Nous avons eu la confirmation que l’ONIAM opposait à certaines victimes prétendument guéries de l’hépatite C depuis 4 ans et plus, une prescription quadriennale, les privant ainsi de l’accès à l’indemnisation “facilitée” telle que souhaitée par le législateur.

Cette prescription n’a jamais été applicable et jamais été appliquée au contentieux des transfusés contaminés par l’hépatite C (ni par l’EFS, ni par les juridictions administratives ou judiciaires).

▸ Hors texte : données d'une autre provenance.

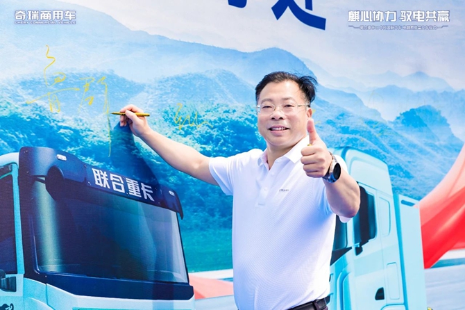仪式上,各方领导聚焦 “双碳” 战略与港口转型,阐述合作深意。奇瑞商用车战略客户事业部总经理鲁群表示:“青岛港作为联合重卡全国巡回交车的重要战略市场,承载着我们对港口新能源产业高地的期待。依托‘技术奇瑞’的三电技术积淀,电麒麟将为世界级大港注入绿色动能,未来我们将以创新驱动跑出‘联合速度’。”

Seule la prescription de 10 ans à compter de la consolidation applicable en matière de dommage corporel pourrait être invoquée.

L’interprétation contraire, soutenue par l’ONIAM, faisant subir une prescription quadriennale aux victimes, est une pure trahison des engagements pris à l’égard des transfusés contaminés par le VHC lorsque l’indemnisation de leurs dommages a été transférée de l’EFS à l’ONIAM.

Des victimes se retrouvent prescrites alors qu’elles ne le seraient pas si l’ONIAM n’avait pas repris ce contentieux !

En outre, la notion de “guérison” qui sert de point de départ à l’ONIAM pour opérer le calcul du délai, nous paraît très contestable dans la mesure où elle n’a fait l’objet d’aucune analyse par un expert médical désigné pour examiner la victime !

IL FAUT ABSOLUMENT DÉNONCER ET COMBATTRE L’APPLICATION DE CETTE PRESCRIPTION QUADRIENNALE : 

  • En contestant systématiquement les décisions de l’ONIAM devant le juge administratif ;
  • Ce principe ne résulte d’aucun texte applicable en la matière et surement pas de la loi de 2008 instaurant l’indemnisation des victimes du VHC post transfusionnel par l’ONIAM ;
  • Attirer l’attention des médecins hépathologues sur le danger de faire figurer désormais dans leurs comptes-rendus ou certificats le terme de “guéri”.